Ничто не изменило меня так полно и мгновенно, как материнство. Всю беременность я была сварливой и все время жаловалась. Я панически боялась родов, их трудностей и сопутствующего им унижения. За время беременности я ничуть не успокоилась. Мне не нравилось ощущение, что кто-то поселился в моем теле. Я чувствовала себя неуютно, как будто в меня вторглись, и, вопреки всеобщему мнению, совершенно неестественно.

Ниам родилась в понедельник рано утром после того, как во время богослужения у меня отошли воды. Это было настоящим испытанием: начиная от смущения, что я испытала, когда мне пришлось, спотыкаясь, выйти из церкви с мокрыми ногами, и заканчивая невыносимой болью и суровым прагматизмом акушерки, которая торопила меня и постоянно повторяла: «Тужься, тужься». Позже она сказала мне, что я могу «душам в Чистилище жаловаться на то, как мне было больно». Я думала, это никогда не кончится.

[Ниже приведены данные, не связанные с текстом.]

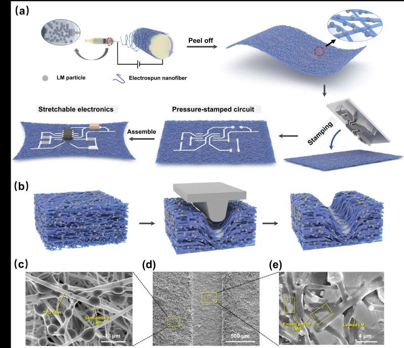 可拉伸电子产品在可穿戴设备、软机器人、人机界面和生物电子设备中有广泛应用。传统刚性导体可以通过弯曲和皱纹设计等方法整合到弹性材料中,但其固有的刚性会影响长期使用的稳定性。相较之下,镓基液态金属(LM)具备高导电性和变形能力,但电路制造过程复杂且与聚合物界面兼容性差。为解决上述问题,严锋团队通过对液态金属微粒及纳米纤维尺寸进行精准调控,并将压印技术和液态金属复合纳米纤维膜相结合,实现了对拥有高分辨率、高稳定性和高透气性电路的灵活且定制化制备。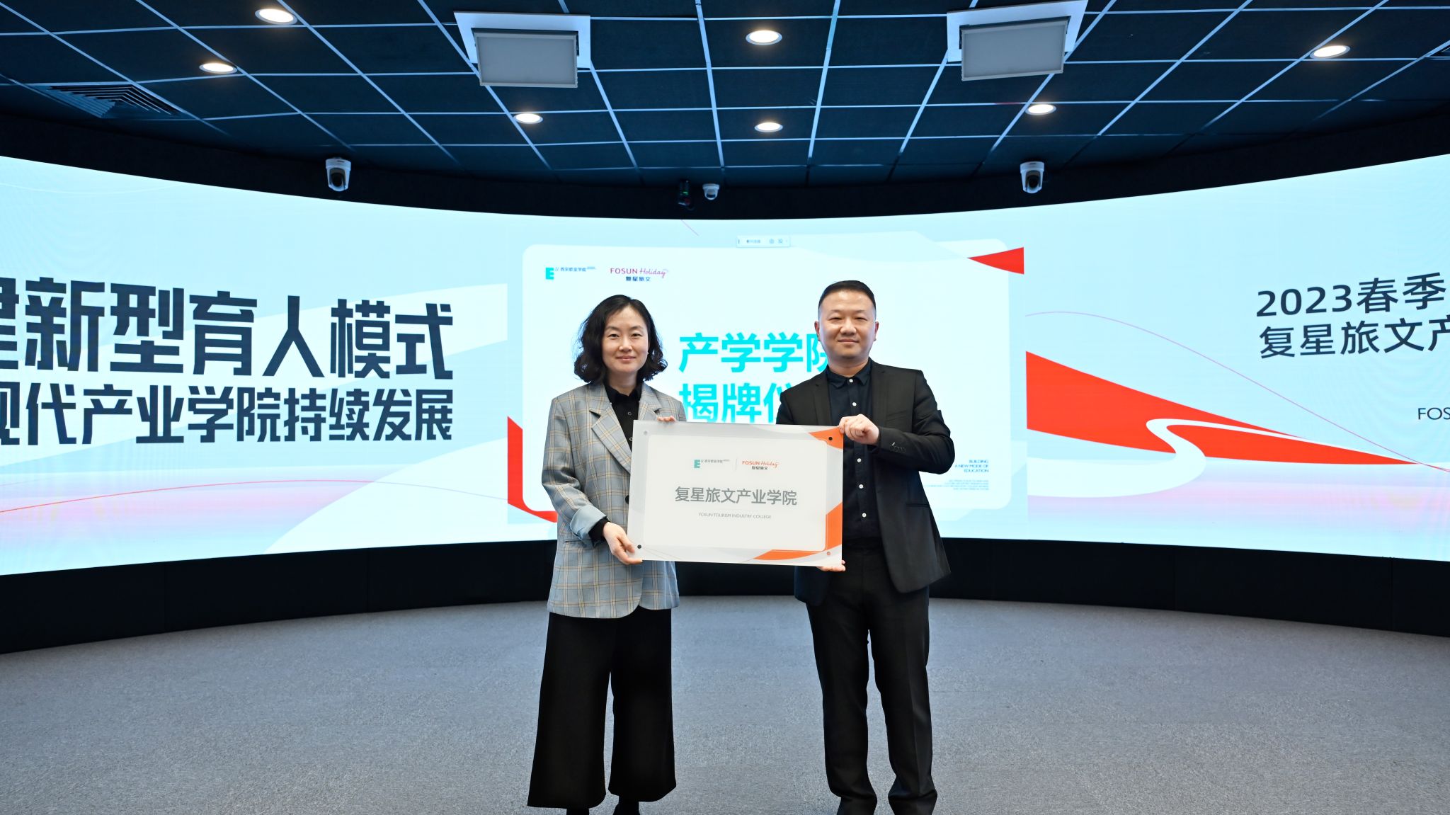 5月11日,工商管理学院与上海复星旅文集团携手共建的复星旅文产业学院正式揭牌。工商管理学院以旅游管理、会展经济与管理和体育经济与管理专业为主体,与复星旅文集团共同提升学科专业建设质量、创新人才培养模式与实践教学环境、协同打造应用型师资队伍与高质量实习就业赋能平台、积极服务地方社会经济发展,为应用型本科人才培养搭建广阔平台,为文体旅会展产业发展持续助力。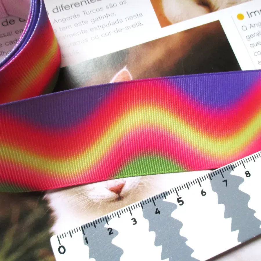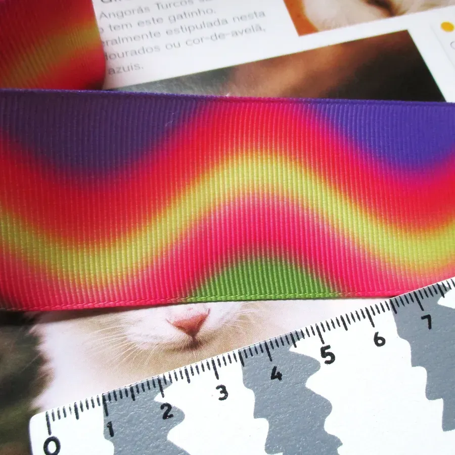 Fita gorgurão com padrão colorido.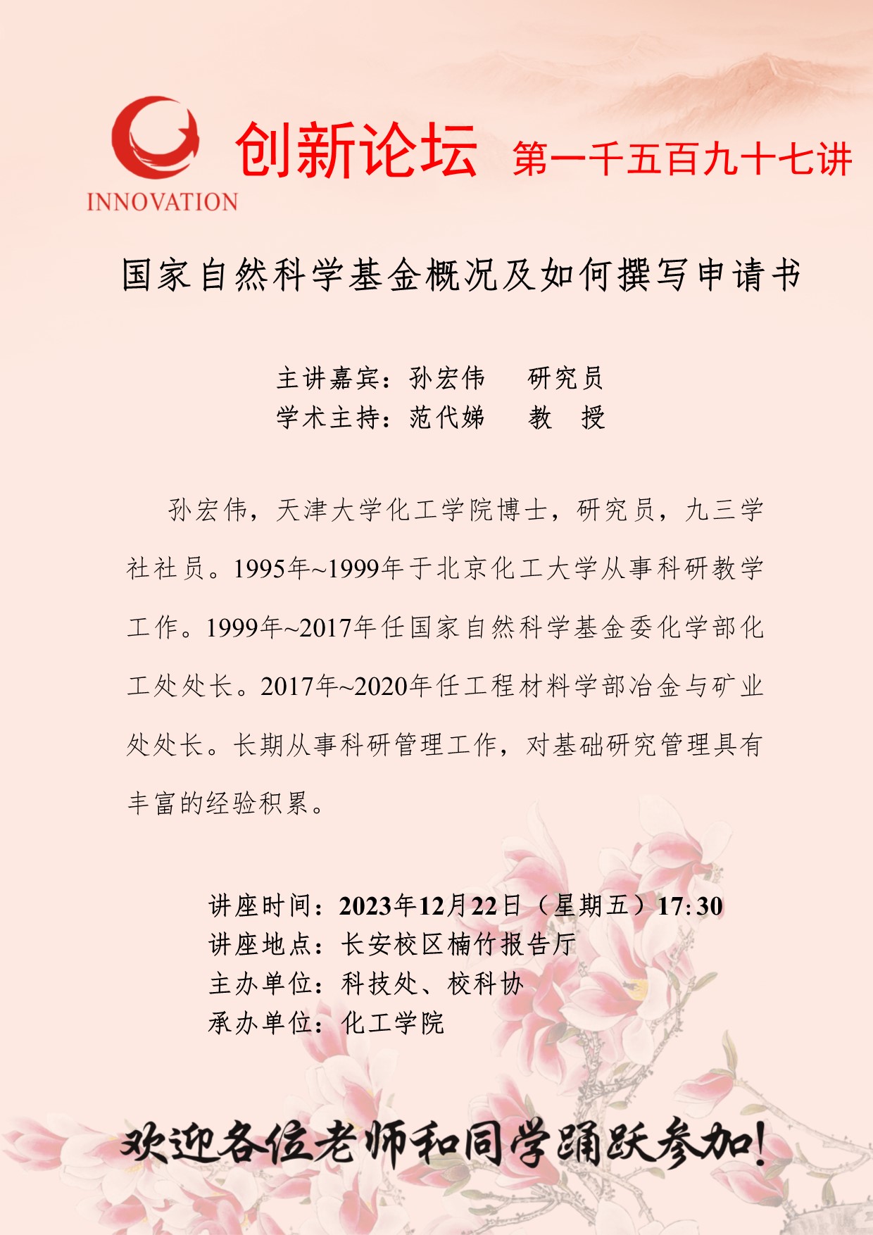孙宏伟 研究员 必赢3003no1线路检测中心创新论坛第一千五百九十七讲:国家自然科学基金概况及如何撰写申请书 讲座时间 2023年12月22日(星期五)17:30 讲座地点 长安校区楠竹报告厅 讲座人介绍 孙宏伟 研究员 讲座内容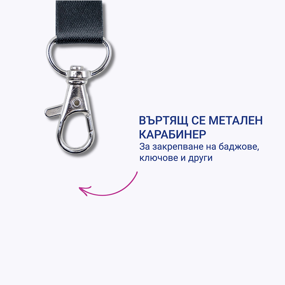 - Универсалност: Въртящата се метална кука позволява лесно закрепване както на баджове и карти, така и на ключове.

Но вот Ниам родилась, и через долю секунды после ее первого крика все изменилось. Я вынашивала ее девять месяцев и все равно страшно удивилась ее появлению. Я никогда не думала, что ребенок — это что-то настолько чистое и настолько великое. Как только я взяла дочку на руки, я заплакала в тоске о том, что так поздно испытала эту радость. Ниам была крошечной и нежной, как лепесток, и сложной, как сама природа. Земля, солнце, луна, звезды, все континенты, Америка и Африка, вся вселенная не могла вместить той любви, что я чувствовала. Я плакала, но это были слезы радости. Я благодарила Господа за то, что Ниам дышит на моей груди. Я плакала, потому что знала, что, хотя я произвела ее на свет, она мне уже не принадлежит и однажды мне нужно будет ее отпустить.

Джеймс, должно быть, подслушивал за дверью, потому что я услышала, как он вскрикнул. Акушерка сказала ему, что у нас девочка и что мы не готовы его видеть, и я сама себе поразилась, когда приподнялась на постели и велела ей прекратить суетиться вокруг с уборкой и впустить его.

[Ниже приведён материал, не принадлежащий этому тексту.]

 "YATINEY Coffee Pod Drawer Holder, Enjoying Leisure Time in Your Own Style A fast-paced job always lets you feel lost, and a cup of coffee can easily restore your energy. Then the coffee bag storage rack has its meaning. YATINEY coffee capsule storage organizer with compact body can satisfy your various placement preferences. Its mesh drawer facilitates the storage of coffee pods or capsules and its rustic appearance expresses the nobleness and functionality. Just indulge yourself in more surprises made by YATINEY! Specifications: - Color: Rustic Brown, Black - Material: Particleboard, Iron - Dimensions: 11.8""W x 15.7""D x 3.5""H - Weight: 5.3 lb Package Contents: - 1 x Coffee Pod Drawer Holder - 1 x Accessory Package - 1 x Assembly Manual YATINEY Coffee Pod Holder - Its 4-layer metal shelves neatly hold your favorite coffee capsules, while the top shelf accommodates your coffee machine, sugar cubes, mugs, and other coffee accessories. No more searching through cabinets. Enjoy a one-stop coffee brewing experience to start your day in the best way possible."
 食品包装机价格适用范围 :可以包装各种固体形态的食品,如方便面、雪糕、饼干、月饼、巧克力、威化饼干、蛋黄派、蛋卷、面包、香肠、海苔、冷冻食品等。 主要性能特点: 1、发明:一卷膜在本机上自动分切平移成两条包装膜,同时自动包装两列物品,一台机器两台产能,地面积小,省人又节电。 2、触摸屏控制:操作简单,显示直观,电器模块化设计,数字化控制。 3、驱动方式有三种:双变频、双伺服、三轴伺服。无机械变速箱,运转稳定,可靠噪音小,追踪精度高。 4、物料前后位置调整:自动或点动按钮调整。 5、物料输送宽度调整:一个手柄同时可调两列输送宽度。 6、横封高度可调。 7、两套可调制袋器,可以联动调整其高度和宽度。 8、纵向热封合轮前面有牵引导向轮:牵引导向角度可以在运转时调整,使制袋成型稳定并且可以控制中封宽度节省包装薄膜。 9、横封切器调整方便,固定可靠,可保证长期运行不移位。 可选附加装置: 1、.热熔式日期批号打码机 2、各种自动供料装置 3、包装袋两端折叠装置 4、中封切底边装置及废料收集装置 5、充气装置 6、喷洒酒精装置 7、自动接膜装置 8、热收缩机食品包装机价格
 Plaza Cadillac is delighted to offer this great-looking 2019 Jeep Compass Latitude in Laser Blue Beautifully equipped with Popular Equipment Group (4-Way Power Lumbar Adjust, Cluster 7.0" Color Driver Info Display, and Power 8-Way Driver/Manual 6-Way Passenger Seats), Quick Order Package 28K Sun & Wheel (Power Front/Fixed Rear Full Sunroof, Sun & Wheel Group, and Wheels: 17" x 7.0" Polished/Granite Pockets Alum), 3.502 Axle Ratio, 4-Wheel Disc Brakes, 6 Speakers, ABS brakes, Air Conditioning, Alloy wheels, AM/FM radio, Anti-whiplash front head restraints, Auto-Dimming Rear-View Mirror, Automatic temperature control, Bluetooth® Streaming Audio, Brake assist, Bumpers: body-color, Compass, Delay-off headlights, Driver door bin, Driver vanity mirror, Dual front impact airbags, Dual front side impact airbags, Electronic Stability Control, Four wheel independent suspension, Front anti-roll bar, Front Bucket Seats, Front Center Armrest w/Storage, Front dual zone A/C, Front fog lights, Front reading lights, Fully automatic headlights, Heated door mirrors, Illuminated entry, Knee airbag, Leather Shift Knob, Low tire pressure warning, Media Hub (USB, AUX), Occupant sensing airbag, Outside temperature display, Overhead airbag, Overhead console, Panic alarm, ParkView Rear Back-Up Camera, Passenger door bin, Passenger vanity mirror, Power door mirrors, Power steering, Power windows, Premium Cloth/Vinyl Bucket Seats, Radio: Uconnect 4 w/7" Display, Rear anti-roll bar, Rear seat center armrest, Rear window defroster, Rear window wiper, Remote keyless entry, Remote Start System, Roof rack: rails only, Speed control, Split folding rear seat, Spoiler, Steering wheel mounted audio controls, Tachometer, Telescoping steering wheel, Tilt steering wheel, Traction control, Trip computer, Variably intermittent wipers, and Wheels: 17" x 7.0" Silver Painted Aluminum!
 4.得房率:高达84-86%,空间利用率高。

Впервые в жизни я смотрела на Джеймса с любовью. Не с жалостью, или озабоченностью, или убийственным уважением, а со страстью. Мы были вместе почти десять лет, но я всегда чувствовала себя отстраненной от него. Теперь я знала, что мы будем неразлучны, пока жив ребенок. И в этот момент я захотела притянуть его к себе. Мы оба должны были склониться над этой новой жизнью, чтобы холить, лелеять и защищать ее. Джеймс перевел взгляд с моего лица на свернувшийся комочек на моих коленях, и в его глазах отразилась целая симфония чувств, какой я никогда раньше не видела: испуг, удивление и нежная, нежная любовь.

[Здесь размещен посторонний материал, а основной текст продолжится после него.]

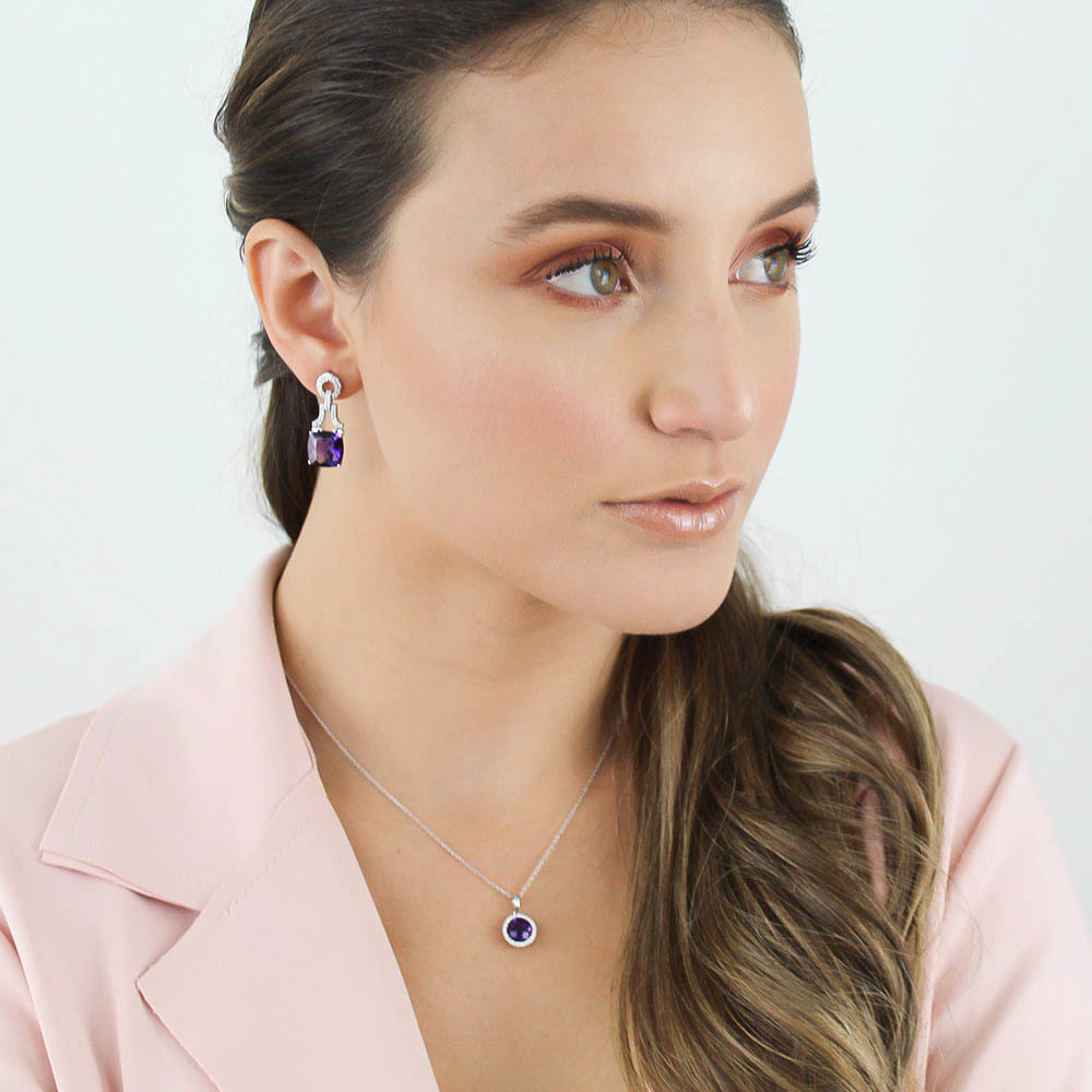 Que tal presentear a pessoa amada com esse pingente de ametista e diamante?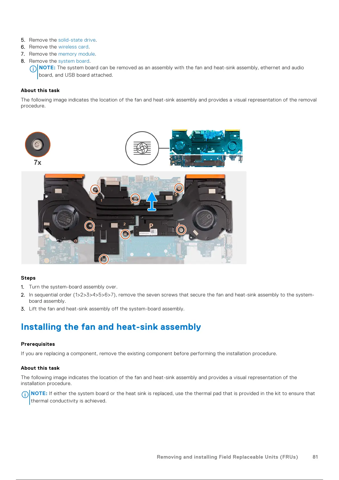 NOTE: The system board can be removed as an assembly with the fan and heat-sink assembly, ethernet and audio

Наблюдать за тем, как растет тот, кого ты любишь, это и приятно, и больно одновременно. Ты готова кричать от гордости за каждую новую фазу ее развития: ползанье, хождение, речь, — но в то же время ты готова рыдать по тому, что уходит навсегда. Я никогда больше не почувствую прикосновение ее подбородка, когда кормлю ее грудью, моя девочка никогда больше не будет настолько маленькой, что я смогу держать ее одной рукой, пока другой помешиваю суп или несу торф, Ниам никогда больше не будет лежать в колыбели, укутанная муслиновой пеленкой, пока мы с Джеймсом работаем в огороде. Легкий пух у нее на затылке, пальчики размером с бусину, таинственное воркование до того, как она научилась говорить; к моей радости, связанной с каждым новым ее достижением, всегда примешивалась грусть по невозвратимым моментам. Втайне мне хотелось, чтобы дочка оставалась частью меня, маленькой и сладкой. Несмотря на то что во время беременности я была совершенно несчастна, теперь я часто мечтала о том, чтобы она снова была в моем теле и мы обе плыли бы так вечно, прильнув друг к другу внутри какого-то вечного чрева.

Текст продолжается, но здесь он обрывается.